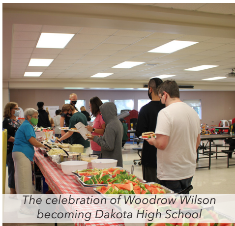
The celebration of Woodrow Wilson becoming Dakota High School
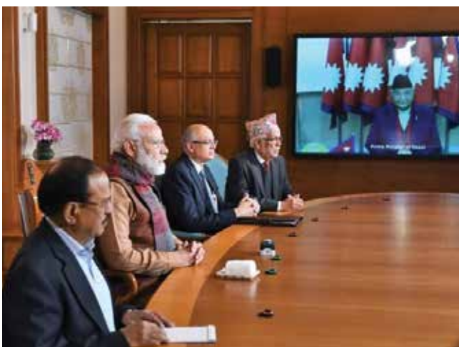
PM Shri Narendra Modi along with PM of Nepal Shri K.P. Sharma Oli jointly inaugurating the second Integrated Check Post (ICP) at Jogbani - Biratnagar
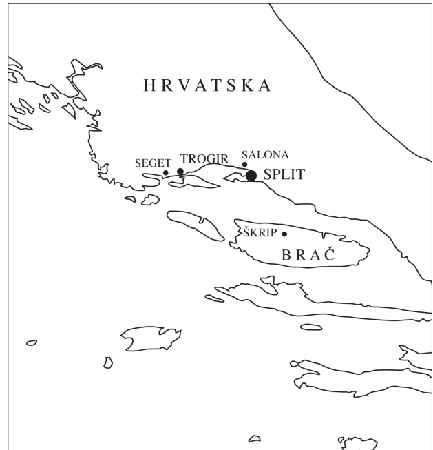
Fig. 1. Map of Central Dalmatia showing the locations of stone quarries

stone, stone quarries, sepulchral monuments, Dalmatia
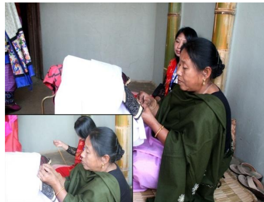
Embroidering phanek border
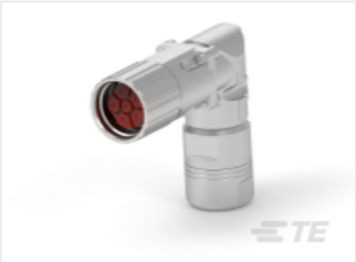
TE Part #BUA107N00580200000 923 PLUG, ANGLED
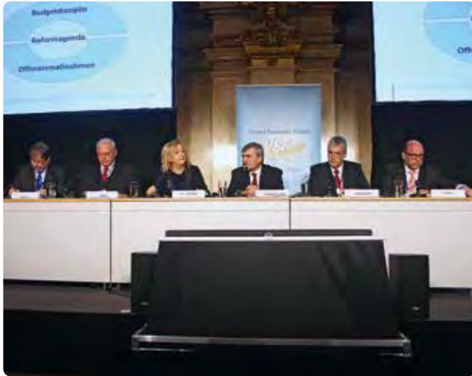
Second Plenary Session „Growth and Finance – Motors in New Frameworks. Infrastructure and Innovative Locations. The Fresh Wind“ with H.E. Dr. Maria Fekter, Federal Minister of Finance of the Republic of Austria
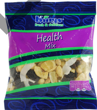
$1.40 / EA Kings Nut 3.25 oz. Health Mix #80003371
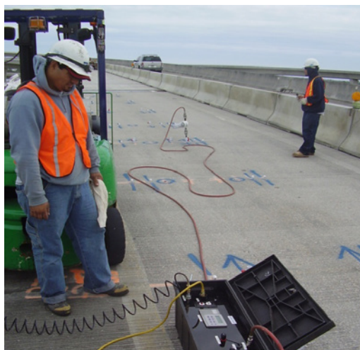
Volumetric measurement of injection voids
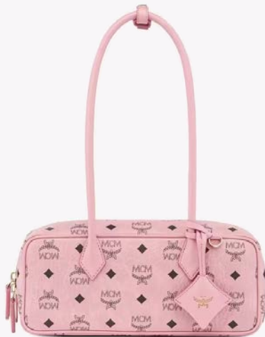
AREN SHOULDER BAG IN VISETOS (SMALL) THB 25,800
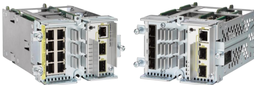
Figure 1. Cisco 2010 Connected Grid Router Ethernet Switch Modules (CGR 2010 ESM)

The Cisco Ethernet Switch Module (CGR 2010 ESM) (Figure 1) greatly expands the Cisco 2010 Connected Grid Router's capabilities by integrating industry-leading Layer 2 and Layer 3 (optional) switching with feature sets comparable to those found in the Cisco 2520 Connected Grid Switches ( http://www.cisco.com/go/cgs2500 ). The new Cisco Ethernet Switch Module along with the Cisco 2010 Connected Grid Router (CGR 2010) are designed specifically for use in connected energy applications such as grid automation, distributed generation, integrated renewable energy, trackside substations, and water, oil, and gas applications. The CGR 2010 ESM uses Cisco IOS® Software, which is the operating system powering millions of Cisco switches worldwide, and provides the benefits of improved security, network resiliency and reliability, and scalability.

________

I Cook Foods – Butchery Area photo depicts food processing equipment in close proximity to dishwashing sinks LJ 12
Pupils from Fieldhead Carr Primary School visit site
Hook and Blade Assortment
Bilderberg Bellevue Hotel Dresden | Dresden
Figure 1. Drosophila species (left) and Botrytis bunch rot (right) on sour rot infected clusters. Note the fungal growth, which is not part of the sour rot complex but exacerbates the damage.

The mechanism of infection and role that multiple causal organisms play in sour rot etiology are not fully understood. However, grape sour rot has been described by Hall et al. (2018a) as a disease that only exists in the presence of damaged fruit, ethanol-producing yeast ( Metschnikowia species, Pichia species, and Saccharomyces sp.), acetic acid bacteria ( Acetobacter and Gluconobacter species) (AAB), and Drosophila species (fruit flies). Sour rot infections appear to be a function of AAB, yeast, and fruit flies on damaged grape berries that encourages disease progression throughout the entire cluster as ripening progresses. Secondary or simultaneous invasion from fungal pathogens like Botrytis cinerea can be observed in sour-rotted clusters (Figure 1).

________

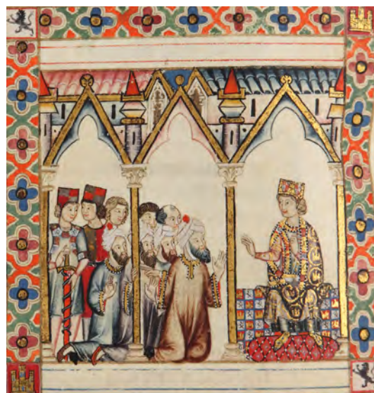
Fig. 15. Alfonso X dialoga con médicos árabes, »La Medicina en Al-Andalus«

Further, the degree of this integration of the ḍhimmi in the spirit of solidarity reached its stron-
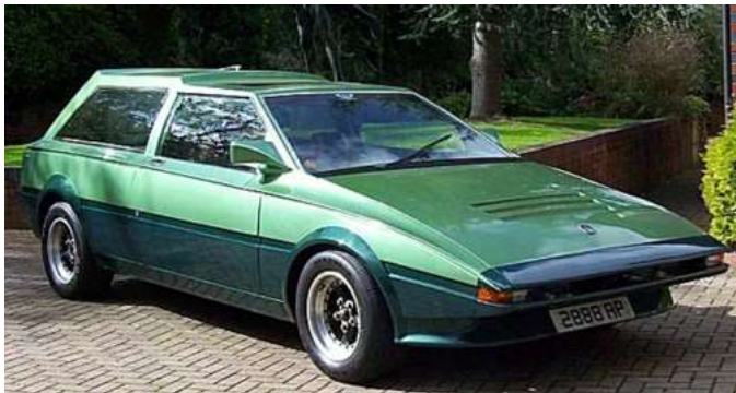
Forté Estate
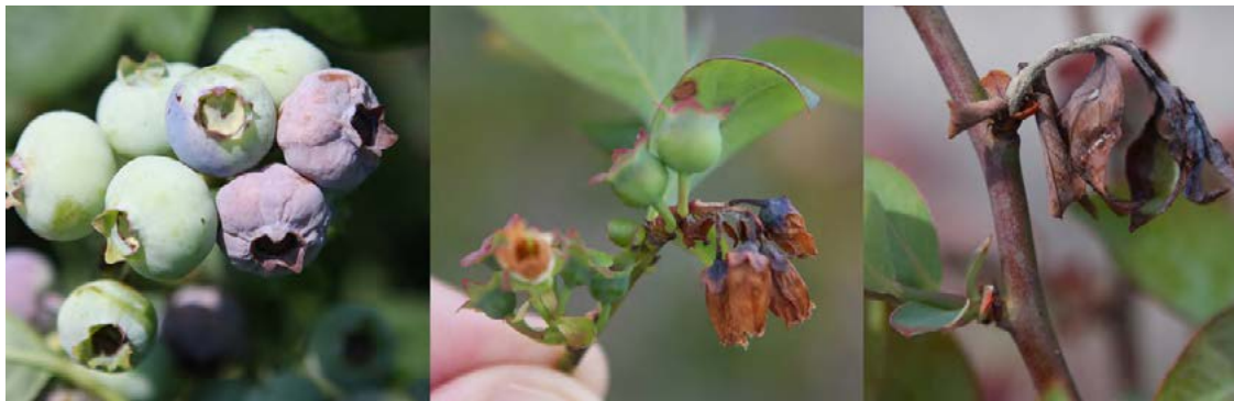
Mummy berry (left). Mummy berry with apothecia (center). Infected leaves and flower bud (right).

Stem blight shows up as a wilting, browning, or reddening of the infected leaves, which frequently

________

From the line holding "Further, the degree" to the line holding "Stem blight shows", both included, retype the entries above exactly and drop the pictures.

Further, the degree of this integration of the ḍhimmi in the spirit of solidarity reached its stron-
Forté Estate
Mummy berry (left). Mummy berry with apothecia (center). Infected leaves and flower bud (right).

Stem blight shows up as a wilting, browning, or reddening of the infected leaves, which frequently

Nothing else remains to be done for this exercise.